A total of 108 articles were selected from KoreaMed, while 45 articles were obtained from PubMed. The results are presented in Table 2 [7] and Fig. 1. The category of ‘copy’ was the dominant pattern in both databases. Of the 94 copies, the predominant subcategories were ‘complete copy with a different language’ (28) and ‘copy with some modifications with a different language’ (27). The next most frequent pattern was ‘imalas.’ Of the 24 papers in this category, ‘imalas publication with an expanded sample number or extended study period’ was the predominant subcategory (19). Of the 16 ‘salami’ papers, the subcategory of ‘salami publication with divided outcomes’ (13) was the most prevalent. There was no concordance correlation between the 2 databases according to the 11 Bae et al. [7]’s subcategories (P=0.8754).
The above results show that our hypothesis that the patterns of duplication would differ between the 2 groups of articles was accepted. There was no concordance correlation between the 2 databases according to the 11 Bae et al. [7]’s subcategories. The identification of articles belonging to more categories in the KoreaMed database may reflect the presence of more cases, as well as the smaller number of articles from PubMed that were included. Among the duplicate publications from PubMed, it was difficult to detect duplicate publications belonging to the categories of ‘imalas publications with an added hypothesis’ and ‘imalas publications with an expanded sample number or extended study period, and an added hypothesis.’ This difficulty may be a limitation due to the number of articles sampled from PubMed. If editors are appropriately vigilant in detecting imalas publications, more cases may be detected. The above results will help journal editors develop an appropriate framework for considering a variety of duplication types.
The primary limitation of this study is the small number of duplicate articles from PubMed due to the short period of publication. In this study, publication period was identical in 2 databases. If the period were to be extended, more duplicate articles would have been included in the categorization. Although 2 authors in a pair discussed and reached an agreement regarding the classification of cases of duplication, there may have been the possibility for some bias.
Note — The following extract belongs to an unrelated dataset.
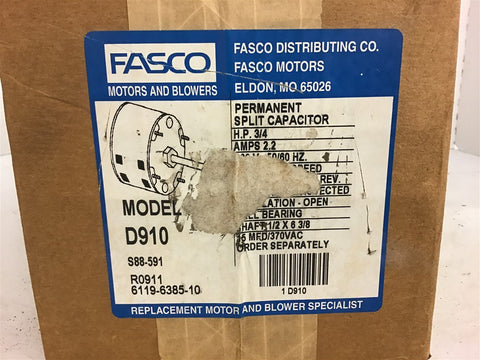 Fasco D910 3/4 Hp blower Motor 1075 rpm 460 volts Return Policy Returns accepted within 30 days. Items sold as is cannot be returned, unless description is in error. Buyer pays return freight. Shipping Policy We ship almost all items with 1 business day of cleared payment. We ship USPS and UPS. We can ship on your account. If you will be shipping freight, please be sure to provide all delivery contact information including a phone number. We will need to know if you have a fork lift or dock.

These frameworks were applied to medical journals, so a similar analysis for the fields of agriculture, engineering, the natural sciences, the social sciences, and the arts and humanities should be done, after appropriate adaptation, to confirm the general feasibility of this approach.
In conclusion, the new Bae et al. [7]’s classification of duplicate publications, containing 11 subcategories, can be used not only for medical journals from Korea, but also for journals in PubMed. A different pattern was found in the subcategories of duplicate publications between KoreaMed and PubMed. We recommend that scholarly journal editors and librarians adopt the Bae et al. [7]’ s classification of duplicate publications in order to categorize duplicate publications more precisely. More work on categorization will confirm the feasibility of this classification system.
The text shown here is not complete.